Il ritorno dei Warriors, serie sul 3-1: King LBJ a un passo dalla quinta finale perduta

Si erano semplicemente presi una pausa. Sì, in gara-3 delle Nba Finals 2016 i Golden State Warriors si erano semplicemente presi una pausa, perché erano stati troppo molli per essere veri, su entrambi i lati del campo. Soltanto così, i Cleveland Cavaliers avevano potuto dimezzare lo svantaggio nella serie, perché a parità di energia, intensità e concentrazione i campioni in carica sono troppo più squadra rispetto a LeBron James e compagni: più profondi, innanzitutto; e poi, comunque, dotati di un maggior talento diffuso, esaltato da un sistema di gioco fatto apposta, invece, per destabilizzare le certezze degli avversari.

Gara-4 di stanotte, dunque, ha rimesso le cose al loro posto, con i Warriors capaci di espugnare la Quicken Loans Arena con una certa sicurezza (108-97 il punteggio finale), allungare sul 3-1 nella serie e far partire l’organizzazione della festa per il titolo che, presumibilmente, potrebbe arrivare già al termine della prossima gara-5, sul parquet casalingo di Oakland. La buona notizia per Steve Kerr e il suo staff è che stanotte hanno firmato “presente” anche le due stelle della squadra, gli “splash brothers” Stephen Curry e Klay Thompson, autori rispettivamente di 38 (con 7 su 13 da tre) e 25 punti, ma soprattutto coinvolti e convinti come mai nelle precedenti tre gare di finale.
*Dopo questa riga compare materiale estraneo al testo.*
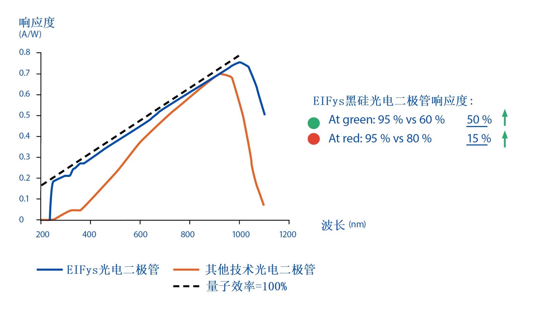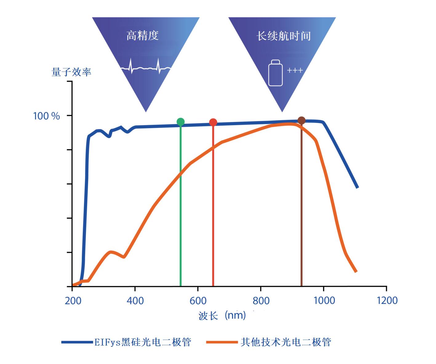 在智能手表等可穿戴設(shè)備中,需要高精度測量和滿足長續(xù)航時(shí)間才能滿足用戶的需求,在所有其他組件中,光電二極管是捕捉從皮膚反射的光信號的關(guān)鍵傳感器,因此,無論之后使用何種軟件AI算法,光電二極管的性能決定了原始數(shù)據(jù)的質(zhì)量,光電二極管重要的參數(shù)之一是靈敏度,給定噪聲的條件下,更高的靈敏度意味著更高的SNR(信噪比),從而可以得到更準(zhǔn)確的測量能力,可以檢測以前不可見的更小信號,與其他光電二極管技術(shù)相比,EIFys提供的高靈敏度光電二極管,采用黑硅技術(shù),如下圖所示,綠光的響應(yīng)度提高了50%左右,紅光的響應(yīng)度提高了15%左右,光電二極管高靈敏度的另外一個好處是它可以用更少的光來達(dá)到同等的精度,這意味著更少的功耗,可提高穿戴設(shè)備的續(xù)航時(shí)間。

Accanto a loro, però, sono stati decisivi il solito monumentale Andre Iguodala (una specie di computer, in attacco ma soprattutto in difesa), un Harrison Barnes da 14 punti, il consueto “termometro emotivo” Draymond Green (12 rimbalzi), il sempre utilissimo Shaun Livingston e persino protagonisti inattesi pescati da Kerr dal fondo della panchina, come per esempio l’inedito a questi livelli James McAdoo e, ancora di più, il “fighter” brasiliano Anderson Varejao, autore di tre giocate “sporchissime” a rimbalzo offensivo decisive nella seconda metà dell’ultimo quarto.

Il numero-chiave del match è stato il 17 su 36 dei Warriors da tre punti, nuovo record delle Nba Finals per triple andate a segno. Ma, a proposito del contributo di Varejao, proprio la maggiore solidità a rimbalzo nei momenti topici del match e una difesa che ha chiuso a Cleveland tutti i varchi grazie a continui cambi da capogiro hanno fatto la differenza rispetto a una prima metà di gara nella quale, invece, a dominare sotto le plance erano stati i Cavaliers, soprattutto con Tristan Thompson (5 rimbalzi offensivi nel solo primo quarto, da lì in poi più nulla!) e col rientrante Kevin Love (11 punti), tanto da chiudere avanti di cinque alla sirena dell’intervallo, 55-50. Nella seconda metà, però, il parziale è diventato 58-42 per Golden State, che in particolar modo nel terzo quarto è riuscita a ribaltare totalmente l’inerzia della partita, facendo crescere paurosamente l’intensità in difesa e mantenendo una buona efficacia in attacco.

Iguodala (anche 7 assist per lui) e Green hanno saputo contenere molto bene (e innervosire) LeBron James che, nonostante numeri quasi da tripla doppia (25 punti, 13 rimbalzi e 9 assist), non è riuscito a fare la differenza che invece sarebbe servita per dare qualche speranza ai suoi. Accanto a lui, poi, s’è distinto soltanto il miglior Kyrie Irving della serie (34 punti), mentre il resto della squadra non è stato all’altezza lungo i 48 minuti. Inoltre, dalla panchina, coach Tyronn Lue non ha pescato nessun jolly inatteso, a differenza di quanto fatto ancora una volta dall’ottimo Kerr. E adesso per King James s’avvicina lo spettro della quinta finale Nba persa in carriera.